### [Brief]
Every record must appear in your copy exactly as written, with no pictures.

Dataset excerpts:
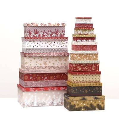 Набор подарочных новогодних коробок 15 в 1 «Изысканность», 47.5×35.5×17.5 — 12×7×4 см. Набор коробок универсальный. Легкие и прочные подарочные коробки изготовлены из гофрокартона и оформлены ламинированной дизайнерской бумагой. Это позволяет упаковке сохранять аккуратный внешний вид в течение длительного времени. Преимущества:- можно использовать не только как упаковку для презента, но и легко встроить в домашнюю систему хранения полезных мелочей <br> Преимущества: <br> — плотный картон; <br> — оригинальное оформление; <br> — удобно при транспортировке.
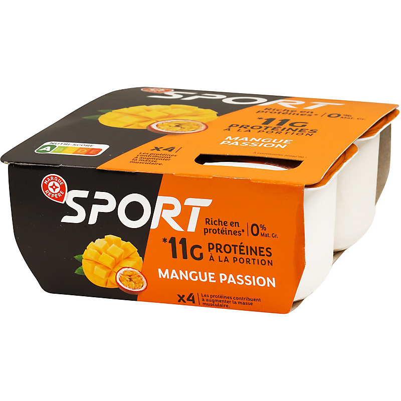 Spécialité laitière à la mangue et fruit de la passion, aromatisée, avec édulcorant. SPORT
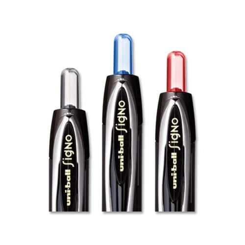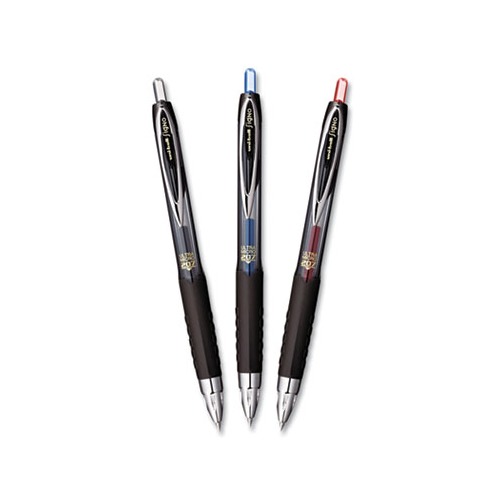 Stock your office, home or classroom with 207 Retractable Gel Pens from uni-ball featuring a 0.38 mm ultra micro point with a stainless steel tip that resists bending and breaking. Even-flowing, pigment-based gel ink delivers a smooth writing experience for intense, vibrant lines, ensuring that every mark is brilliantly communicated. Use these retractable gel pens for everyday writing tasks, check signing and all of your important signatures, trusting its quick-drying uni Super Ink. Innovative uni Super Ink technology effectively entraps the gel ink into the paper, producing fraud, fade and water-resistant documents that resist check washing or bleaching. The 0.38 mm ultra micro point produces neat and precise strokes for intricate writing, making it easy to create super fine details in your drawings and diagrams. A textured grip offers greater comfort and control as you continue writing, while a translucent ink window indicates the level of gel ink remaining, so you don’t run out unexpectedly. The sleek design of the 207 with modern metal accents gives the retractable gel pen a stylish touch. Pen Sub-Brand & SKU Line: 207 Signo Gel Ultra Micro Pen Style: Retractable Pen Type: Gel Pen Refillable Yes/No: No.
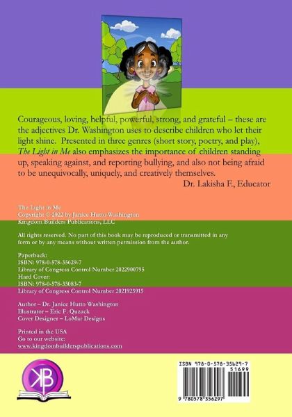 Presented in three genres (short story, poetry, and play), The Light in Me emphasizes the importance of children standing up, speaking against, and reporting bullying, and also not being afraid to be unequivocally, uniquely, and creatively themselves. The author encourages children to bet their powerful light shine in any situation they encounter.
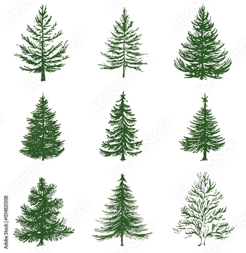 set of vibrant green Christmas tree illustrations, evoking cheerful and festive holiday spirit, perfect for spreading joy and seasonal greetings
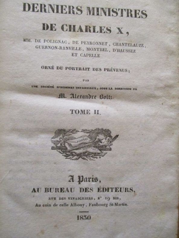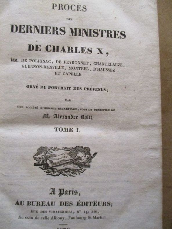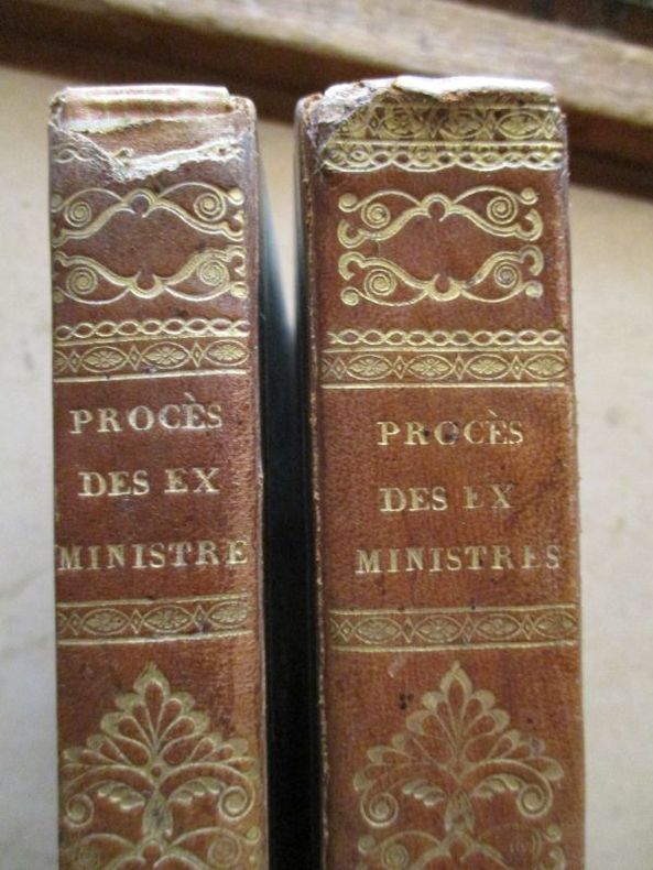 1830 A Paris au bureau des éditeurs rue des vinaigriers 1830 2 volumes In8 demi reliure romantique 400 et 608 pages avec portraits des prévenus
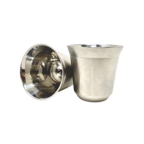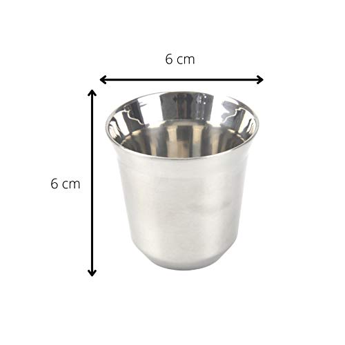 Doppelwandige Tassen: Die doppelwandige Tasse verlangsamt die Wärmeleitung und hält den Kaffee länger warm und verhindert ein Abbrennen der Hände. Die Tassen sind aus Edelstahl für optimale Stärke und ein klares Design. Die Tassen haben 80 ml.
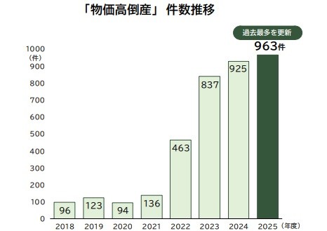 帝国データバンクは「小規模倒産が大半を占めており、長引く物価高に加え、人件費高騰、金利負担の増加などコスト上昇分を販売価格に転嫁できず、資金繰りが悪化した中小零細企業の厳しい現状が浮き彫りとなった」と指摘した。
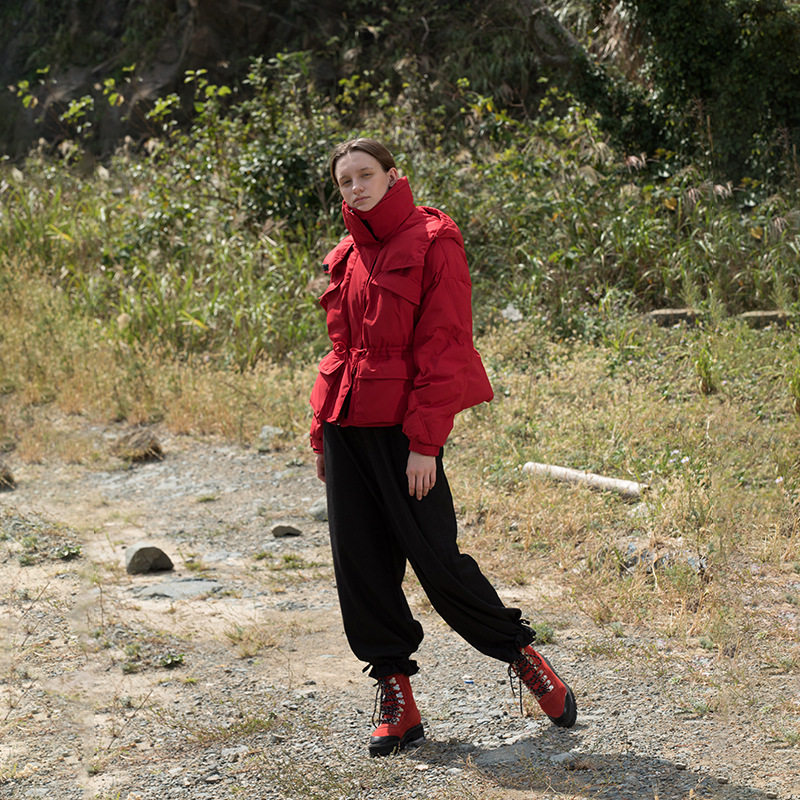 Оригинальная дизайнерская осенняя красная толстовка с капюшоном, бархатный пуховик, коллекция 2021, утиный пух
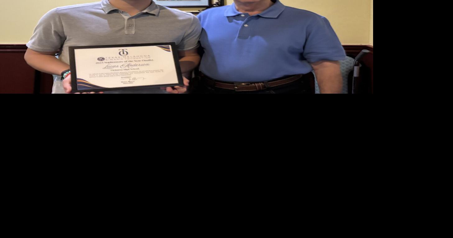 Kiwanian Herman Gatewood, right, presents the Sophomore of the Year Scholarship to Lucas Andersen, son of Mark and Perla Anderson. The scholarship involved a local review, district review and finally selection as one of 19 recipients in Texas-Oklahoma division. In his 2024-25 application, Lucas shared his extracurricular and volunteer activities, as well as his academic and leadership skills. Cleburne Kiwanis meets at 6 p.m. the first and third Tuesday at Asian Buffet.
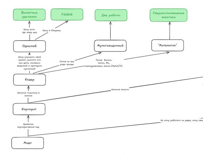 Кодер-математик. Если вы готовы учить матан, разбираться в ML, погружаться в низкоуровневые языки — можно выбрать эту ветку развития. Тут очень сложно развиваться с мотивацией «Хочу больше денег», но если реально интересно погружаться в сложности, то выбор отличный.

### [Solution below]
 Набор подарочных новогодних коробок 15 в 1 «Изысканность», 47.5×35.5×17.5 — 12×7×4 см. Набор коробок универсальный. Легкие и прочные подарочные коробки изготовлены из гофрокартона и оформлены ламинированной дизайнерской бумагой. Это позволяет упаковке сохранять аккуратный внешний вид в течение длительного времени. Преимущества:- можно использовать не только как упаковку для презента, но и легко встроить в домашнюю систему хранения полезных мелочей <br> Преимущества: <br> — плотный картон; <br> — оригинальное оформление; <br> — удобно при транспортировке.
 Spécialité laitière à la mangue et fruit de la passion, aromatisée, avec édulcorant. SPORT
 Stock your office, home or classroom with 207 Retractable Gel Pens from uni-ball featuring a 0.38 mm ultra micro point with a stainless steel tip that resists bending and breaking. Even-flowing, pigment-based gel ink delivers a smooth writing experience for intense, vibrant lines, ensuring that every mark is brilliantly communicated. Use these retractable gel pens for everyday writing tasks, check signing and all of your important signatures, trusting its quick-drying uni Super Ink. Innovative uni Super Ink technology effectively entraps the gel ink into the paper, producing fraud, fade and water-resistant documents that resist check washing or bleaching. The 0.38 mm ultra micro point produces neat and precise strokes for intricate writing, making it easy to create super fine details in your drawings and diagrams. A textured grip offers greater comfort and control as you continue writing, while a translucent ink window indicates the level of gel ink remaining, so you don’t run out unexpectedly. The sleek design of the 207 with modern metal accents gives the retractable gel pen a stylish touch. Pen Sub-Brand & SKU Line: 207 Signo Gel Ultra Micro Pen Style: Retractable Pen Type: Gel Pen Refillable Yes/No: No.
 Presented in three genres (short story, poetry, and play), The Light in Me emphasizes the importance of children standing up, speaking against, and reporting bullying, and also not being afraid to be unequivocally, uniquely, and creatively themselves. The author encourages children to bet their powerful light shine in any situation they encounter.
 set of vibrant green Christmas tree illustrations, evoking cheerful and festive holiday spirit, perfect for spreading joy and seasonal greetings
 1830 A Paris au bureau des éditeurs rue des vinaigriers 1830 2 volumes In8 demi reliure romantique 400 et 608 pages avec portraits des prévenus
 Doppelwandige Tassen: Die doppelwandige Tasse verlangsamt die Wärmeleitung und hält den Kaffee länger warm und verhindert ein Abbrennen der Hände. Die Tassen sind aus Edelstahl für optimale Stärke und ein klares Design. Die Tassen haben 80 ml.
 帝国データバンクは「小規模倒産が大半を占めており、長引く物価高に加え、人件費高騰、金利負担の増加などコスト上昇分を販売価格に転嫁できず、資金繰りが悪化した中小零細企業の厳しい現状が浮き彫りとなった」と指摘した。
 Оригинальная дизайнерская осенняя красная толстовка с капюшоном, бархатный пуховик, коллекция 2021, утиный пух
 Kiwanian Herman Gatewood, right, presents the Sophomore of the Year Scholarship to Lucas Andersen, son of Mark and Perla Anderson. The scholarship involved a local review, district review and finally selection as one of 19 recipients in Texas-Oklahoma division. In his 2024-25 application, Lucas shared his extracurricular and volunteer activities, as well as his academic and leadership skills. Cleburne Kiwanis meets at 6 p.m. the first and third Tuesday at Asian Buffet.
 Кодер-математик. Если вы готовы учить матан, разбираться в ML, погружаться в низкоуровневые языки — можно выбрать эту ветку развития. Тут очень сложно развиваться с мотивацией «Хочу больше денег», но если реально интересно погружаться в сложности, то выбор отличный.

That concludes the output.